═══ Given data ═══

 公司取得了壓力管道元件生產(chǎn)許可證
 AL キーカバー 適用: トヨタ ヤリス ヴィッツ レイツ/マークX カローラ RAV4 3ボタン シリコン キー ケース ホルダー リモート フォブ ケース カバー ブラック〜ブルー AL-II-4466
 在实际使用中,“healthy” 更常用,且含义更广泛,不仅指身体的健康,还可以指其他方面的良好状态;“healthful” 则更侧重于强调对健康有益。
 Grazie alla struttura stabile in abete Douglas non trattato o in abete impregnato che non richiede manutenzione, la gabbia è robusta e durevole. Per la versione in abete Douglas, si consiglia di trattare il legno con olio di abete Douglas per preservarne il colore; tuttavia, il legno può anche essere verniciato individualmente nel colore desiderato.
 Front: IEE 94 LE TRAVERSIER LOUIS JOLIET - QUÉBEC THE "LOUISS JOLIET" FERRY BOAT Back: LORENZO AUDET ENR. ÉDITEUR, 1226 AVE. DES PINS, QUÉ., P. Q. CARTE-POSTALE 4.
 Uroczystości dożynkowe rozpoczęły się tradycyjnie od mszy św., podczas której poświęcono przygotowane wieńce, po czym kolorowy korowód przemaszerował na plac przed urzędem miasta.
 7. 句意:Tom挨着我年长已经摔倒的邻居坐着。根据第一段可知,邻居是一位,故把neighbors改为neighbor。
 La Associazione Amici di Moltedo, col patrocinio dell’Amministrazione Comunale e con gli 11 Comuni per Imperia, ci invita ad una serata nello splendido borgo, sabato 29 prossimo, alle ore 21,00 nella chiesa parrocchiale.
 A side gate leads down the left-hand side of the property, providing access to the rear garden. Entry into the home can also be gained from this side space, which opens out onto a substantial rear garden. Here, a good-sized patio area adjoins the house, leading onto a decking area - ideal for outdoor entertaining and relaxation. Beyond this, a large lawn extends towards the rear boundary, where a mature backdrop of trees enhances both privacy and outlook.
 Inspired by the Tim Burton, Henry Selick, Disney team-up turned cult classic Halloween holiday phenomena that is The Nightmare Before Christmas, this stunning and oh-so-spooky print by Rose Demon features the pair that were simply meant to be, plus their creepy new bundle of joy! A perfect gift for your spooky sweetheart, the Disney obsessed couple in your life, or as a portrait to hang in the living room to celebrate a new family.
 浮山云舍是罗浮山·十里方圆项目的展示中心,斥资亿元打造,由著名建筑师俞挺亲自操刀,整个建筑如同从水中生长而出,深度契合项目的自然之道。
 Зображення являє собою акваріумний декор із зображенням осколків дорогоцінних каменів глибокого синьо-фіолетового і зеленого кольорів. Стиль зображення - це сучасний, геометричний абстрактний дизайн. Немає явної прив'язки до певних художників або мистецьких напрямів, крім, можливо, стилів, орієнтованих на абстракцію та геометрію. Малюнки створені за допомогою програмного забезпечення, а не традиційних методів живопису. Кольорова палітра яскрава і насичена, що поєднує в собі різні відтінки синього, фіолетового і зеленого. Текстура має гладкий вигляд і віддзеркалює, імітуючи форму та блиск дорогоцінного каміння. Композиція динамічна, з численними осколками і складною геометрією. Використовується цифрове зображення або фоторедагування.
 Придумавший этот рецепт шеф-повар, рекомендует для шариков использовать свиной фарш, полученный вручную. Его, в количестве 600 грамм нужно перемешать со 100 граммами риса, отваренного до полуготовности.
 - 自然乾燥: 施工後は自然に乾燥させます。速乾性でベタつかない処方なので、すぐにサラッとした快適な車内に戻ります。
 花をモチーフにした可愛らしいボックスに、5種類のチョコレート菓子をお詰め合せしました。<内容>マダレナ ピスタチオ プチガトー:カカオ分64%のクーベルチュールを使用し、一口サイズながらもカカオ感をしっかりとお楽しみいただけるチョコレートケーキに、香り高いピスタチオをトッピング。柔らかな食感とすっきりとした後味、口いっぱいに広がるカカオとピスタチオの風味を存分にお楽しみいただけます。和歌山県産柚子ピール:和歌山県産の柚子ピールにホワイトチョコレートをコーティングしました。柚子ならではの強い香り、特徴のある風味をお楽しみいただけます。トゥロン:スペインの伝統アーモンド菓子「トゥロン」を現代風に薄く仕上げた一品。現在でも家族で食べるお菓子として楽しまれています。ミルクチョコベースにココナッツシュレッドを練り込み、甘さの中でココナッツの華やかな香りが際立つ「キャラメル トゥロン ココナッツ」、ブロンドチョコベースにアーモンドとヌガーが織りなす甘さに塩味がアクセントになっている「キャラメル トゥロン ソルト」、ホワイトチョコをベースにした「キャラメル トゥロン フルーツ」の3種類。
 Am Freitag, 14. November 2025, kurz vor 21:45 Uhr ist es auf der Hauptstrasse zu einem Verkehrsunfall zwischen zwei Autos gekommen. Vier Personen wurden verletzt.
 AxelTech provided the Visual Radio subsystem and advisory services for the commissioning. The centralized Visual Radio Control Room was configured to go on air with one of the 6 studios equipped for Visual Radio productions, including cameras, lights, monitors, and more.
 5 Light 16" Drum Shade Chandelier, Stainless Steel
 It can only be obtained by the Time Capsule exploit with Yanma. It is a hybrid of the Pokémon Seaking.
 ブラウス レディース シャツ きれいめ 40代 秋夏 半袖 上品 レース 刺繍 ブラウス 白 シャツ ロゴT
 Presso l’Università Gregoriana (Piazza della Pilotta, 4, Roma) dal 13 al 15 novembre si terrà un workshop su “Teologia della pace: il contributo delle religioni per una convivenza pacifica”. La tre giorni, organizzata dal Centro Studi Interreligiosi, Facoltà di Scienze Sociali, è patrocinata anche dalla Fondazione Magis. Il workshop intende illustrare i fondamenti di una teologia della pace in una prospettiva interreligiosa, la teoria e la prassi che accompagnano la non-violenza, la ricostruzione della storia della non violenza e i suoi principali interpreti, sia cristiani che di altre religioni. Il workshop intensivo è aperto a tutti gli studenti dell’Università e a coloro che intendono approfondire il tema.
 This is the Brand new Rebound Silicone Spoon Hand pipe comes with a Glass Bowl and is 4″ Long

═══

## Task instructions
Every record above should be copied exactly.

## Answer space
 公司取得了壓力管道元件生產(chǎn)許可證
 AL キーカバー 適用: トヨタ ヤリス ヴィッツ レイツ/マークX カローラ RAV4 3ボタン シリコン キー ケース ホルダー リモート フォブ ケース カバー ブラック〜ブルー AL-II-4466
 在实际使用中,“healthy” 更常用,且含义更广泛,不仅指身体的健康,还可以指其他方面的良好状态;“healthful” 则更侧重于强调对健康有益。
 Grazie alla struttura stabile in abete Douglas non trattato o in abete impregnato che non richiede manutenzione, la gabbia è robusta e durevole. Per la versione in abete Douglas, si consiglia di trattare il legno con olio di abete Douglas per preservarne il colore; tuttavia, il legno può anche essere verniciato individualmente nel colore desiderato.
 Front: IEE 94 LE TRAVERSIER LOUIS JOLIET - QUÉBEC THE "LOUISS JOLIET" FERRY BOAT Back: LORENZO AUDET ENR. ÉDITEUR, 1226 AVE. DES PINS, QUÉ., P. Q. CARTE-POSTALE 4.
 Uroczystości dożynkowe rozpoczęły się tradycyjnie od mszy św., podczas której poświęcono przygotowane wieńce, po czym kolorowy korowód przemaszerował na plac przed urzędem miasta.
 7. 句意:Tom挨着我年长已经摔倒的邻居坐着。根据第一段可知,邻居是一位,故把neighbors改为neighbor。
 La Associazione Amici di Moltedo, col patrocinio dell’Amministrazione Comunale e con gli 11 Comuni per Imperia, ci invita ad una serata nello splendido borgo, sabato 29 prossimo, alle ore 21,00 nella chiesa parrocchiale.
 A side gate leads down the left-hand side of the property, providing access to the rear garden. Entry into the home can also be gained from this side space, which opens out onto a substantial rear garden. Here, a good-sized patio area adjoins the house, leading onto a decking area - ideal for outdoor entertaining and relaxation. Beyond this, a large lawn extends towards the rear boundary, where a mature backdrop of trees enhances both privacy and outlook.
 Inspired by the Tim Burton, Henry Selick, Disney team-up turned cult classic Halloween holiday phenomena that is The Nightmare Before Christmas, this stunning and oh-so-spooky print by Rose Demon features the pair that were simply meant to be, plus their creepy new bundle of joy! A perfect gift for your spooky sweetheart, the Disney obsessed couple in your life, or as a portrait to hang in the living room to celebrate a new family.
 浮山云舍是罗浮山·十里方圆项目的展示中心,斥资亿元打造,由著名建筑师俞挺亲自操刀,整个建筑如同从水中生长而出,深度契合项目的自然之道。
 Зображення являє собою акваріумний декор із зображенням осколків дорогоцінних каменів глибокого синьо-фіолетового і зеленого кольорів. Стиль зображення - це сучасний, геометричний абстрактний дизайн. Немає явної прив'язки до певних художників або мистецьких напрямів, крім, можливо, стилів, орієнтованих на абстракцію та геометрію. Малюнки створені за допомогою програмного забезпечення, а не традиційних методів живопису. Кольорова палітра яскрава і насичена, що поєднує в собі різні відтінки синього, фіолетового і зеленого. Текстура має гладкий вигляд і віддзеркалює, імітуючи форму та блиск дорогоцінного каміння. Композиція динамічна, з численними осколками і складною геометрією. Використовується цифрове зображення або фоторедагування.
 Придумавший этот рецепт шеф-повар, рекомендует для шариков использовать свиной фарш, полученный вручную. Его, в количестве 600 грамм нужно перемешать со 100 граммами риса, отваренного до полуготовности.
 - 自然乾燥: 施工後は自然に乾燥させます。速乾性でベタつかない処方なので、すぐにサラッとした快適な車内に戻ります。
 花をモチーフにした可愛らしいボックスに、5種類のチョコレート菓子をお詰め合せしました。<内容>マダレナ ピスタチオ プチガトー:カカオ分64%のクーベルチュールを使用し、一口サイズながらもカカオ感をしっかりとお楽しみいただけるチョコレートケーキに、香り高いピスタチオをトッピング。柔らかな食感とすっきりとした後味、口いっぱいに広がるカカオとピスタチオの風味を存分にお楽しみいただけます。和歌山県産柚子ピール:和歌山県産の柚子ピールにホワイトチョコレートをコーティングしました。柚子ならではの強い香り、特徴のある風味をお楽しみいただけます。トゥロン:スペインの伝統アーモンド菓子「トゥロン」を現代風に薄く仕上げた一品。現在でも家族で食べるお菓子として楽しまれています。ミルクチョコベースにココナッツシュレッドを練り込み、甘さの中でココナッツの華やかな香りが際立つ「キャラメル トゥロン ココナッツ」、ブロンドチョコベースにアーモンドとヌガーが織りなす甘さに塩味がアクセントになっている「キャラメル トゥロン ソルト」、ホワイトチョコをベースにした「キャラメル トゥロン フルーツ」の3種類。
 Am Freitag, 14. November 2025, kurz vor 21:45 Uhr ist es auf der Hauptstrasse zu einem Verkehrsunfall zwischen zwei Autos gekommen. Vier Personen wurden verletzt.
 AxelTech provided the Visual Radio subsystem and advisory services for the commissioning. The centralized Visual Radio Control Room was configured to go on air with one of the 6 studios equipped for Visual Radio productions, including cameras, lights, monitors, and more.
 5 Light 16" Drum Shade Chandelier, Stainless Steel
 It can only be obtained by the Time Capsule exploit with Yanma. It is a hybrid of the Pokémon Seaking.
 ブラウス レディース シャツ きれいめ 40代 秋夏 半袖 上品 レース 刺繍 ブラウス 白 シャツ ロゴT
 Presso l’Università Gregoriana (Piazza della Pilotta, 4, Roma) dal 13 al 15 novembre si terrà un workshop su “Teologia della pace: il contributo delle religioni per una convivenza pacifica”. La tre giorni, organizzata dal Centro Studi Interreligiosi, Facoltà di Scienze Sociali, è patrocinata anche dalla Fondazione Magis. Il workshop intende illustrare i fondamenti di una teologia della pace in una prospettiva interreligiosa, la teoria e la prassi che accompagnano la non-violenza, la ricostruzione della storia della non violenza e i suoi principali interpreti, sia cristiani che di altre religioni. Il workshop intensivo è aperto a tutti gli studenti dell’Università e a coloro che intendono approfondire il tema.
 This is the Brand new Rebound Silicone Spoon Hand pipe comes with a Glass Bowl and is 4″ Long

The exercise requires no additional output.